We can see that most of the kaggle users glibally are currently working in computer technology-based industry. Meanwhile in Indonesia, mostly are currently working in academic/ education. We can expect more Indonesians to enter technology-based industry

## Salary

In [None]:
df_Indonesia.Q25.value_counts().reindex(['$0-999', '1,000-1,999', '2,000-2,999', '3,000-3,999','4,000-4,999','5,000-7,499',
                               '7,500-9,999','10,000-14,999','15,000-19,999','20,000-24,999','25,000-29,999','30,000-39,999',
                               '40,000-49,999','50,000-59,999','60,000-69,999','70,000-79,999','80,000-89,999',
                               '90,000-99,999','100,000-124,999','125,000-149,999','150,000-199,999','200,000-249,999','250,000-299,999',
                               '300,000-499,999','$500,000-999,999','>$1,000,000']).plot(kind="bar")

In [None]:
df1.Q25.value_counts().reindex(['$0-999', '1,000-1,999', '2,000-2,999', '3,000-3,999','4,000-4,999','5,000-7,499',
                               '7,500-9,999','10,000-14,999','15,000-19,999','20,000-24,999','25,000-29,999','30,000-39,999',
                               '40,000-49,999','50,000-59,999','60,000-69,999','70,000-79,999','80,000-89,999',
                               '90,000-99,999','100,000-124,999','125,000-149,999','150,000-199,999','200,000-249,999','250,000-299,999',
                               '300,000-499,999','$500,000-999,999','>$1,000,000']).plot(kind="bar")

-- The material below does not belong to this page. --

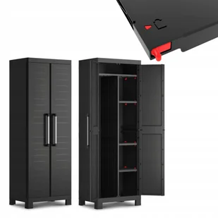 Szafka do przechowywania Detroit to nowa stylowa półka do domu, garażu lub szopy ogrodowej. Szafka nie nadaje się do użytku na zewnątrz. Ta plastikowa szafka do przechowywania z drzwiami ma 1 szeroką półkę i 3 mniejsze półki o regulowanej wysokości, z których każda może pomieścić do 10 kg. Ponadto szafka na miotły jest przeznaczona do przechowywania dużych przedmiotów, takich jak miotły, grabie lub odkurzacze. Sprawia to, że zamknięta szafa jest rozwiązaniem do przechowywania w każdym pomieszczeniu.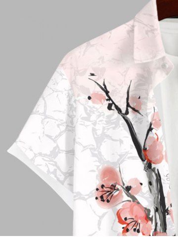 Short Sleeves Shirts > Plus Size Chinese Style Peach Blossom Branched Ombre Colorblock Print Buttons Pocket Shirt For Men

From the chart above we can see that the salary for data scientist in both Indonesia and globally is mostly $0-999. This shows that even the salary in Indonesia is quite promising and competitive

## Course


In [None]:
languages = ['Cousera','edX',"Kaggle Learn Courses",'DataCamp','Fast.ai','Udacity',"Udemy","LinkedIn Learning","Cloud","University Courses","None"]
coursera=df_Indonesia.Q40_Part_1.value_counts()[0]
edx= df_Indonesia.Q40_Part_2.value_counts()[0]
klc=df_Indonesia.Q40_Part_3.value_counts()[0]
dc=df_Indonesia.Q40_Part_4.value_counts()[0]
fa =df_Indonesia.Q40_Part_5.value_counts()[0]
udacity = df_Indonesia.Q40_Part_6.value_counts()[0]
udemy=df_Indonesia.Q40_Part_7.value_counts()[0]
ll = df_Indonesia.Q40_Part_8.value_counts()[0]
cc = df_Indonesia.Q40_Part_9.value_counts()[0]
uc = df_Indonesia.Q40_Part_10.value_counts()[0]
none = df_Indonesia.Q40_Part_11.value_counts()[0]
values_3 = [coursera,edx,klc,dc,fa,udacity,udemy,ll,cc,uc,none]

plt.bar(languages,values_3)
plt.xticks(rotation=90)
plt.title("Regulary Used Course in Indonesia")

In [None]:
languages = ['Cousera','edX',"Kaggle Learn Courses",'DataCamp','Fast.ai','Udacity',"Udemy","LinkedIn Learning","Cloud","University Courses","None"]
coursera=df1.Q40_Part_1.value_counts()[0]
edx= df1.Q40_Part_2.value_counts()[0]
klc=df1.Q40_Part_3.value_counts()[0]
dc=df1.Q40_Part_4.value_counts()[0]
fa =df1.Q40_Part_5.value_counts()[0]
udacity = df1.Q40_Part_6.value_counts()[0]
udemy=df1.Q40_Part_7.value_counts()[0]
ll = df1.Q40_Part_8.value_counts()[0]
cc = df1.Q40_Part_9.value_counts()[0]
uc = df1.Q40_Part_10.value_counts()[0]
none = df1.Q40_Part_11.value_counts()[0]
values_4 = [coursera,edx,klc,dc,fa,udacity,udemy,ll,cc,uc,none]

plt.bar(languages,values_4)
plt.xticks(rotation=90)
plt.title("Regulary Used Course Globally")

From the chart above, we can see that Kaggle Learn Courses is the most popular platform in Indonesia among the new learners for Data science related courses menwhile Coursera is the most popular platform globally.

## Tools

In [None]:
sns.countplot(y="Q41",palette = 'muted',data=df_Indonesia)

In [None]:
sns.countplot(y="Q41",palette = 'muted',data=df1)

From the chart above, Indonesians seem to prefer basic statistical software to perform their primary data analysis meanwhile people globally also use local development environments (RStudio, jupyterlab, etc) as their primary tools.

This shows that data scientist in Indonesia have to improve their skill in order to compete globally.